Jason Pearson
Background
I started building websites in 2008, freelancing for small businesses around the Dallas–Fort Worth area — restaurants, dentists, car detailers, anyone who needed a WordPress site and didn't know where to start. I taught myself PHP by reading the WordPress Codex line by line and reverse-engineering theme files. By 2009 I was building custom themes from scratch and picking up e-commerce work with early WooCommerce betas.
The Plugin Years
In November 2010, I launched WPSymposium as a WordPress plugin company. The original product was a social networking plugin suite. BuddyPress was still rough around the edges, and I saw room for a lighter alternative that gave small community sites basic profiles, forums, and activity feeds without the overhead. The plugin gained traction on the WordPress.org repository and was eventually listed on CodeCanyon. At its peak it had over 10,000 active installs.
But the plugin market got crowded. BuddyPress matured, page builders like Elementor and Beaver Builder shifted what people expected from WordPress, and maintaining a free plugin against an ever-changing core became a grind. Around 2016 I stepped back from active plugin development.
The Pivot to Reviews
What I noticed during those years of building and supporting a plugin was how much time WordPress users spent trying to figure out which themes and plugins were actually worth using. The review landscape was full of affiliate-driven listicles that all recommended the same five products regardless of the question. I had opinions — grounded in years of hands-on building — and I figured that counted for something.

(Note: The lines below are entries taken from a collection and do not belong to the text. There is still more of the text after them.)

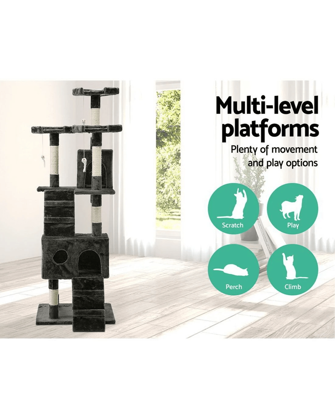 Designed to be a condo that exudes a sense of security, the 1.8m Scratch Tree features cubby holes and platforms of various heights to allow your pet to jump, hop, skip, scratch, rest and nap to its heart's content. And as for its claws maintenance, the fully wrapped 7cm thick sisal covered poles are ideal for your pet to practice her daily regime of keeping its claws in good shape. Besides, it also helps to keep your pet off your expensive furniture too.
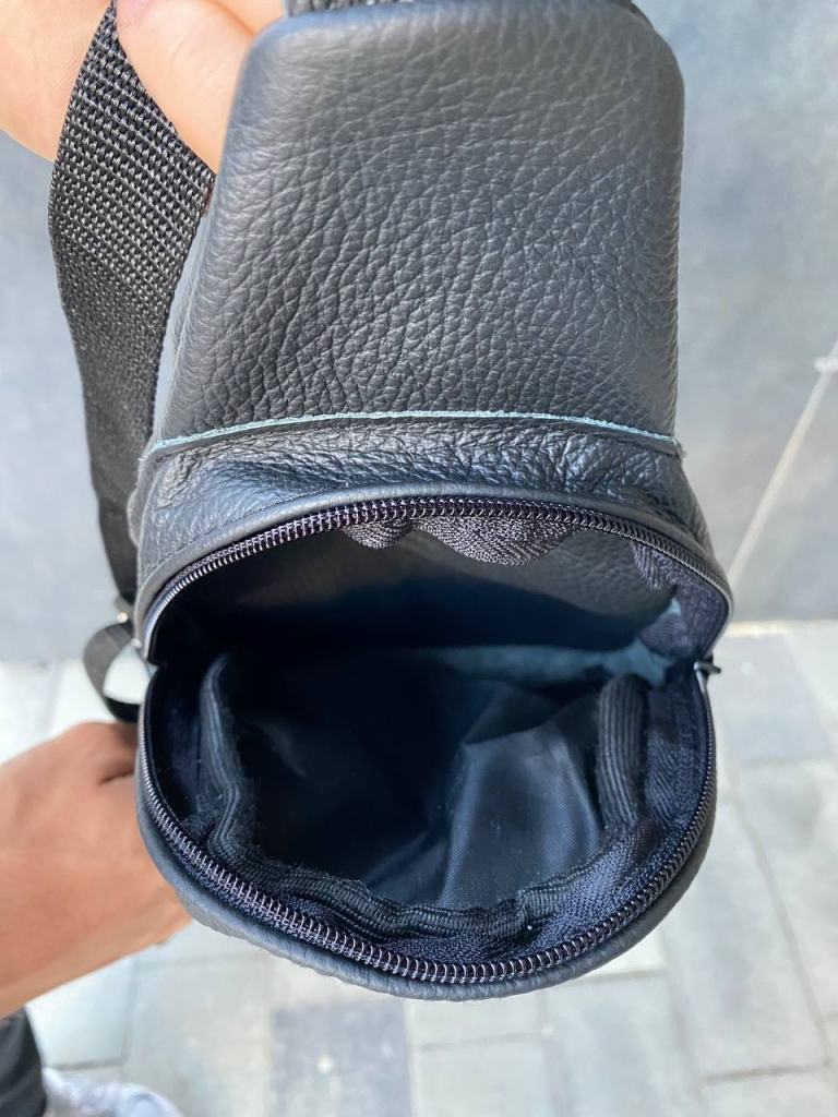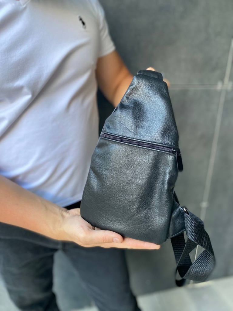 Мужская сумка «слингер» теперь в гладкой и зернистой коже флотар + объемные бегунки.
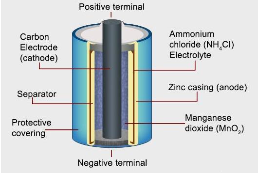 نوعی باتری كه الكترودهای آن از جنس روی و كربن باشد و الكتروليت آن بصورت خمیری است و كلیه اجزاء تشكيل دهنده آن در محفظه آب بندی شده قرار دارند.
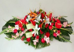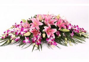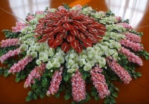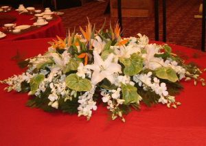 桌花、台花、会议花、接待台花、餐桌花,是指装饰于会议桌、接待台、演讲台、餐桌、几案等场所的花饰。在实际生活中应用也非常普遍。因其常使用花钵作为容器,因此也被称作钵花。桌花一般置于桌子中央(如中餐桌、圆形会议桌和西餐桌等)或一侧(如演讲台、自助餐台、双人餐桌等)。桌花可以是独立式或组合式,会议主席台、演讲台等还常结合桌子的立面进行整体装饰。从造型上,可以有单面观、四面观,构图形式多样,有圆形、球形、椭圆形等对称的几何构图,也有新月形、下垂形等各种灵活多变的不规则式构图,构图主要取决于桌子的形状、摆放的位置及需要营造的气氛。因为花钵有普通式和高脚式,因此桌花也可以做成低式桌花和高式桌花,桌花的高低取决于装饰的场合和需要营造的气氛。
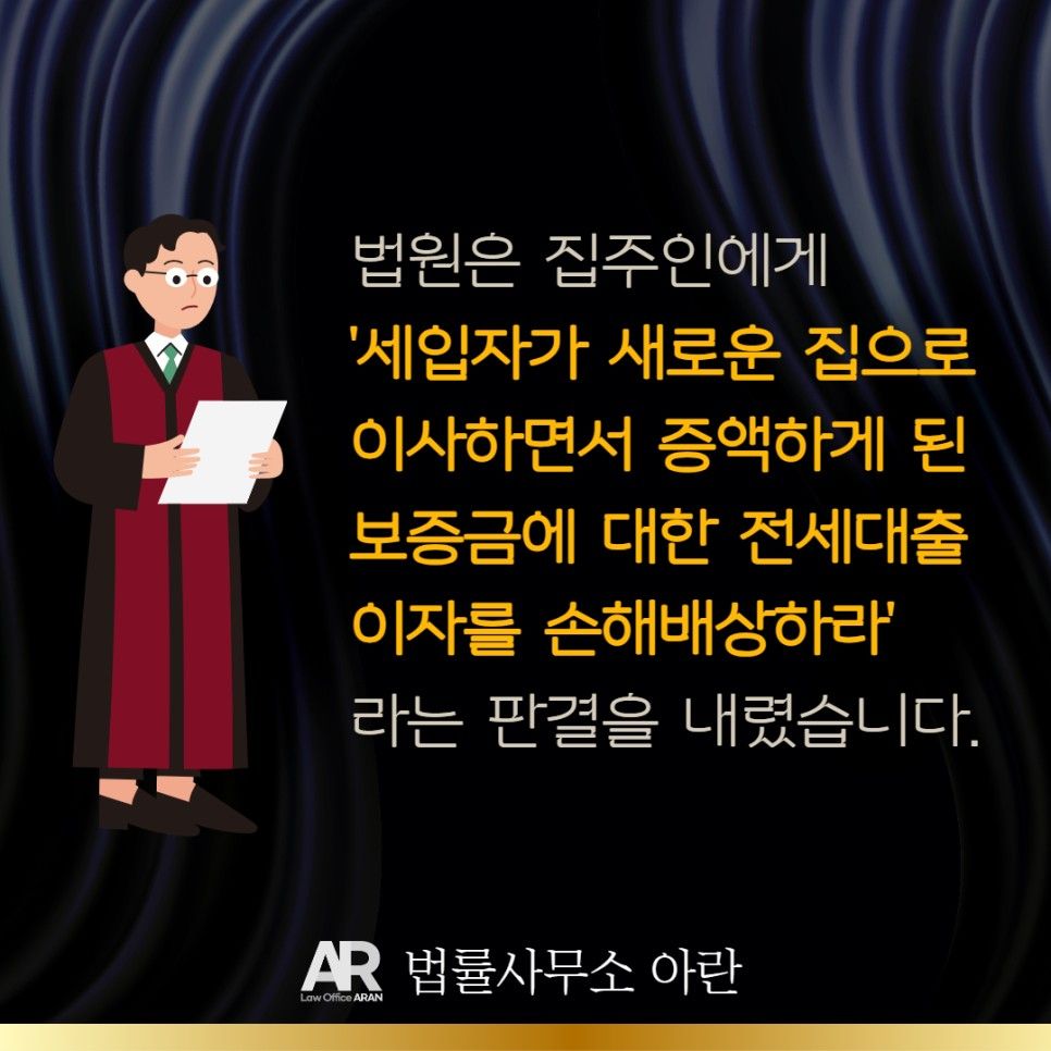 이 사건은 세입자가 증액된 보증금에 대한 전세대출이자를 배상받았다는 점에 큰 의미가 있는 판결입니다.

In 2018, I relaunched WPSymposium.com as a review site. The approach was straightforward: install the product in a clean WordPress environment, put it through real scenarios, and write up what actually happens — including the parts that don't work. No demo content polish, no cherry-picked screenshots. Every review starts from a blank sandbox.
How I Review
Every theme and plugin review on this site follows the same process. I spin up a fresh WordPress install, activate the product with default settings, and walk through it the way a real user would. If a theme looks great in the demo but falls apart when you remove the pre-loaded content, that goes in the review. If a plugin has a confusing onboarding flow, I write about it.

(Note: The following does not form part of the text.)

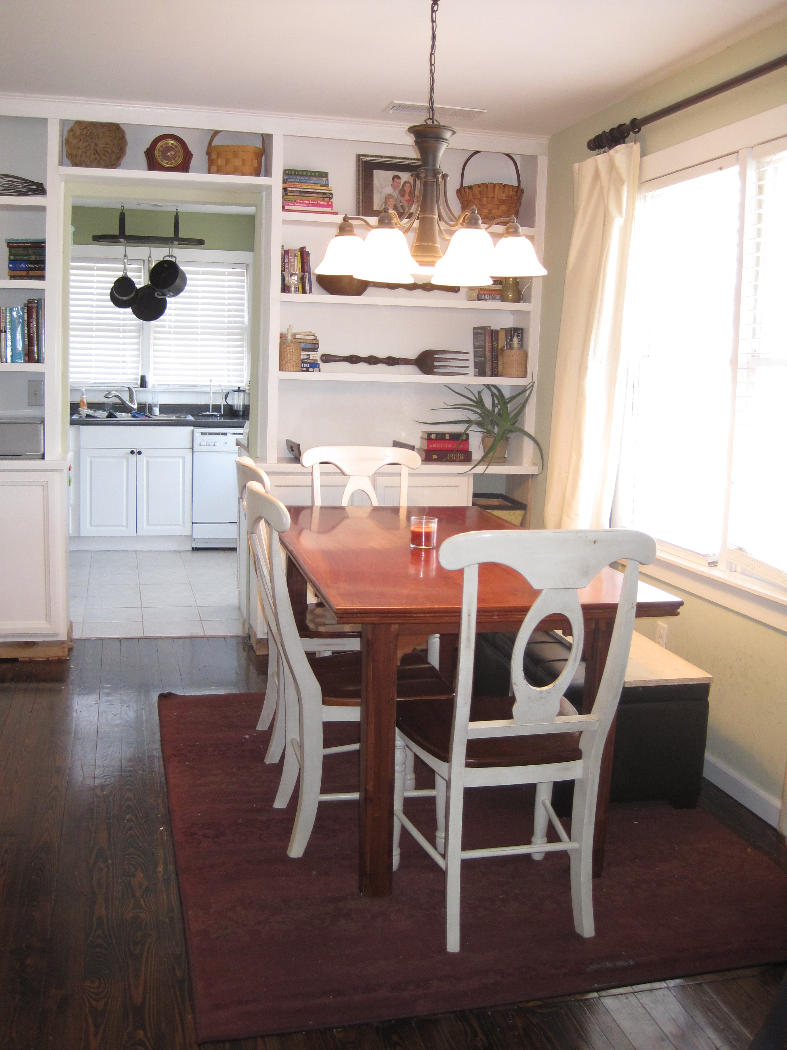 We found the cabinets on craigslist for $40, and the rest of the wood and paint came from Home Depot. I had a 10% off coupon of course. I decorated with everything we already had.
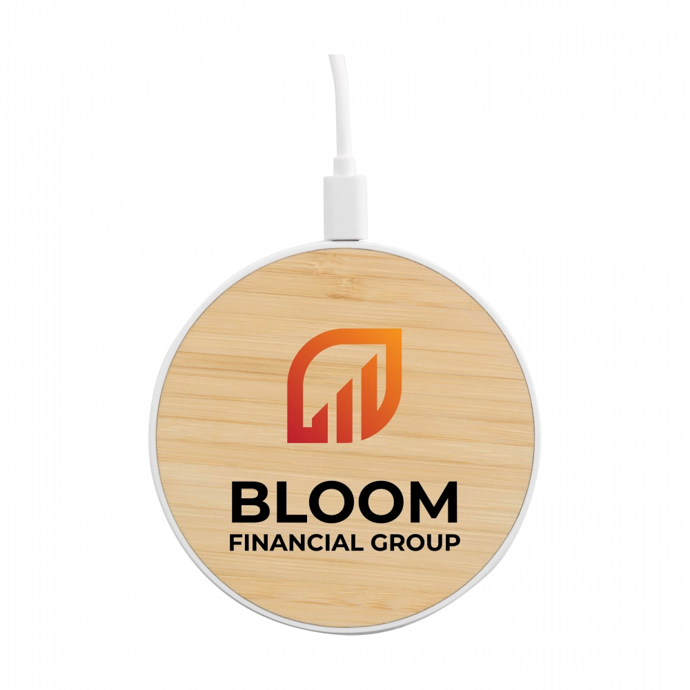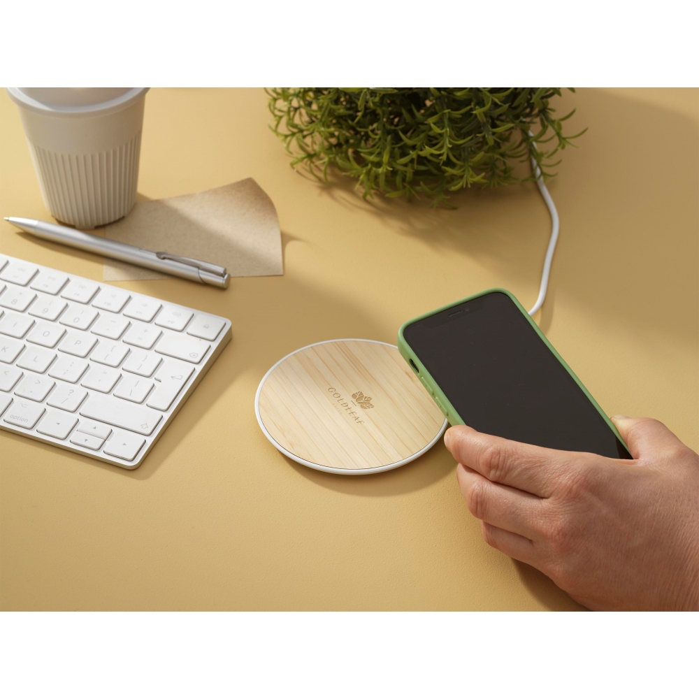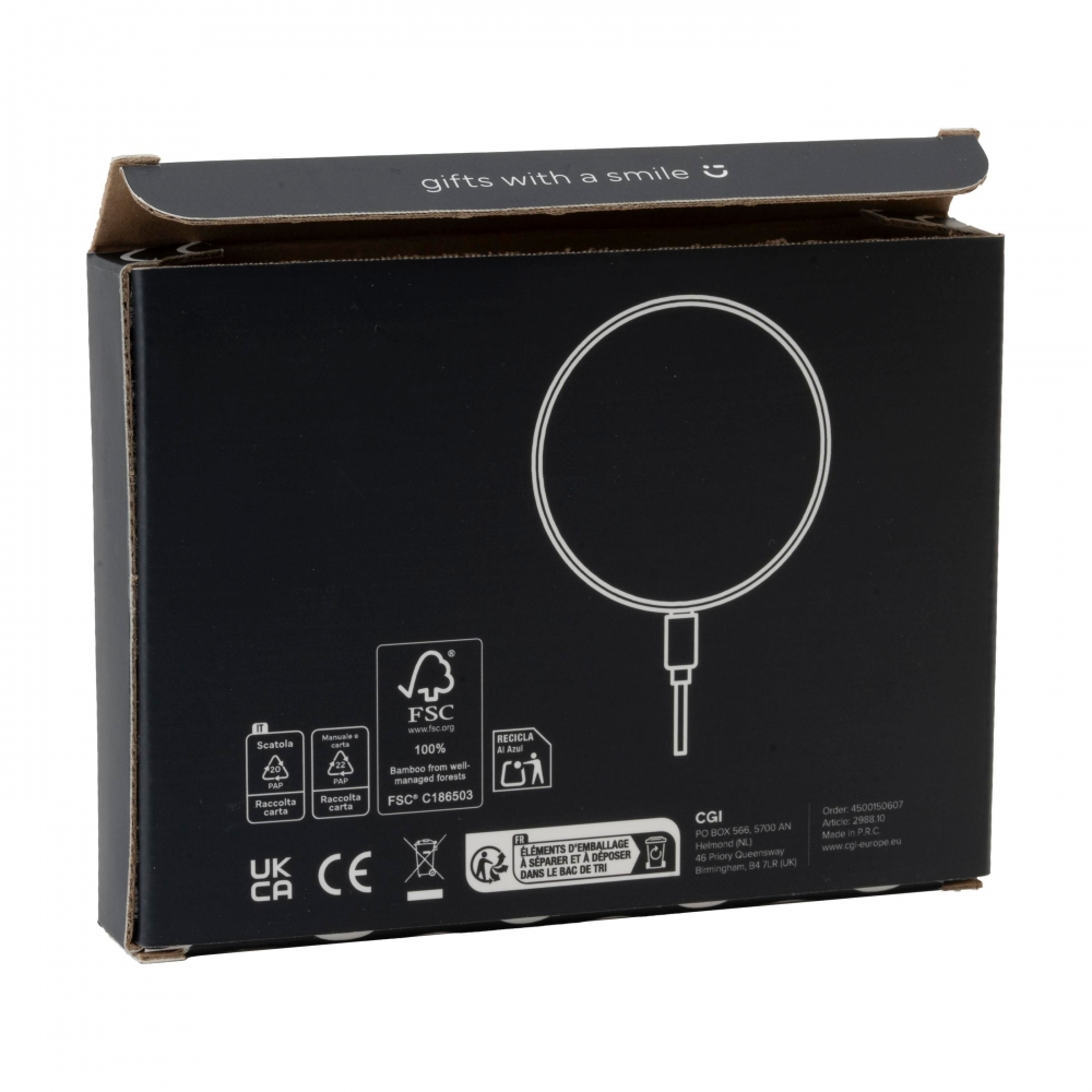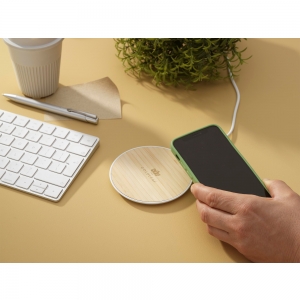 Artikel-Nr: CLP262988-002Kabelloses 15-W-Schnellladegerät aus ABS und FSC 100% zertifiziertem Bambus. Zum schnellen kabellosen Laden von Mobiltelefonen. Kompatibel mit allen mobilen Geräten, die das drahtlose QI-Laden unterstützen (Androids und iPhones der neuesten Generation). Eingang: 9V/2A. Drahtloser Ausgang: 5V/10W. Inklusive USB-C-Ladekabel und Gebrauchsanweisung.

I've designed business sites, blogs, product review sites, and e-commerce stores over the years. That experience shapes how I evaluate things — I know what matters in practice versus what looks good in a feature list.
Off the Clock
When I'm not testing WordPress products, I'm usually tinkering with side projects. I went through a home automation phase, built a few Raspberry Pi dashboards that still run in my garage, and keep meaning to finish a woodworking bench I started two years ago. I read more documentation than fiction.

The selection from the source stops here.